### To do:
Pictures appear among the records below and must be omitted. Repeat exactly the lines from the line with "As well, the" to the line with "Loose glitter tweed", both included.

### Data to examine:
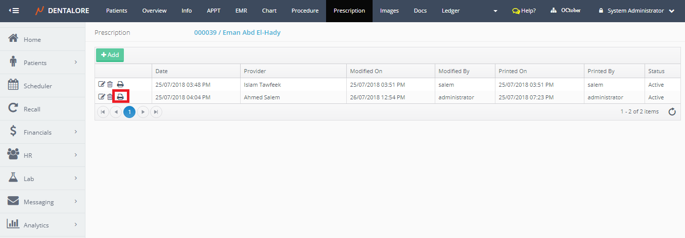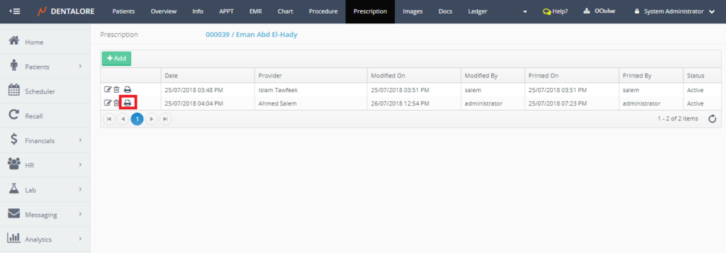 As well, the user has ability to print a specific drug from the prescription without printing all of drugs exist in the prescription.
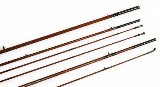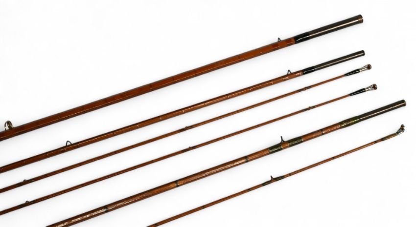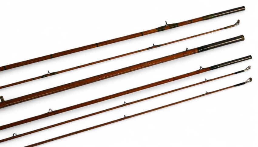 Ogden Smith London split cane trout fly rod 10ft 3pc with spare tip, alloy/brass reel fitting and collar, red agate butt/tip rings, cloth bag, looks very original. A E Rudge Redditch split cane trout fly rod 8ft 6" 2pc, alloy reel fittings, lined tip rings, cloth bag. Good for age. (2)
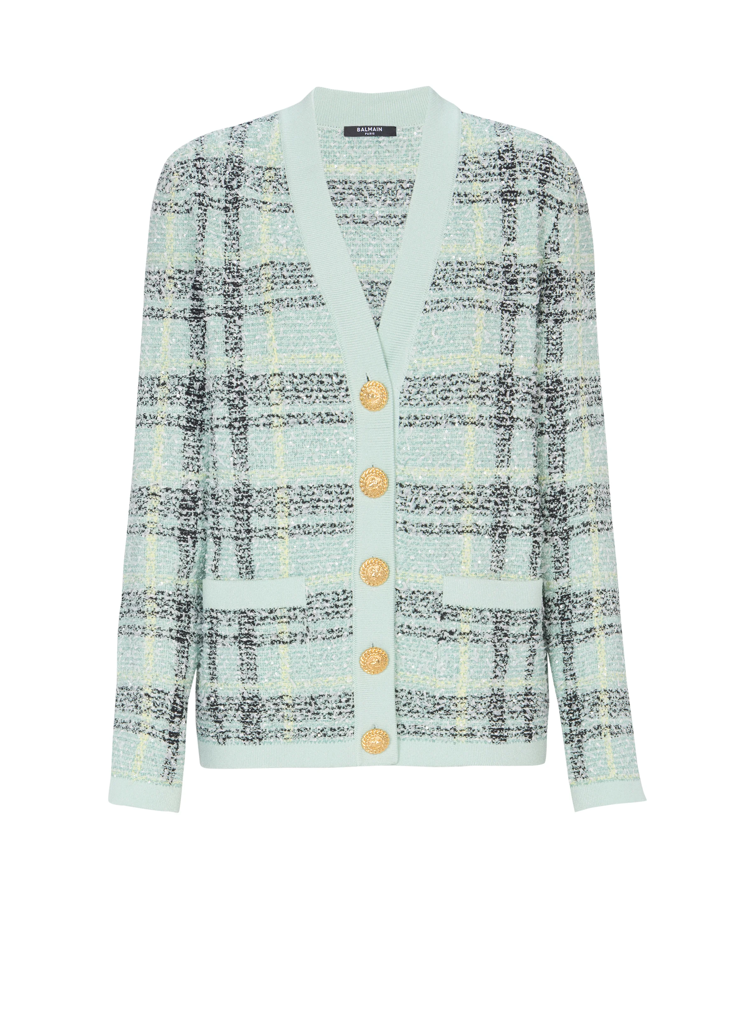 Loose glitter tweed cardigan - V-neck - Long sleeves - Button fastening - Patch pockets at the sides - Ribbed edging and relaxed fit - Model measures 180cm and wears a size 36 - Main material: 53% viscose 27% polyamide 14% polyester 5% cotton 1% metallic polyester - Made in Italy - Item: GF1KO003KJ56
* * *
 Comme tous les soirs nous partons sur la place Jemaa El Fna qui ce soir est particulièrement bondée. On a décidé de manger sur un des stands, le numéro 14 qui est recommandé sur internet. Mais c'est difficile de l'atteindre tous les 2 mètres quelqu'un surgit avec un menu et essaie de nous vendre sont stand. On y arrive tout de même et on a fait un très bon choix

### Exercise result:
 As well, the user has ability to print a specific drug from the prescription without printing all of drugs exist in the prescription.
 Ogden Smith London split cane trout fly rod 10ft 3pc with spare tip, alloy/brass reel fitting and collar, red agate butt/tip rings, cloth bag, looks very original. A E Rudge Redditch split cane trout fly rod 8ft 6" 2pc, alloy reel fittings, lined tip rings, cloth bag. Good for age. (2)
 Loose glitter tweed cardigan - V-neck - Long sleeves - Button fastening - Patch pockets at the sides - Ribbed edging and relaxed fit - Model measures 180cm and wears a size 36 - Main material: 53% viscose 27% polyamide 14% polyester 5% cotton 1% metallic polyester - Made in Italy - Item: GF1KO003KJ56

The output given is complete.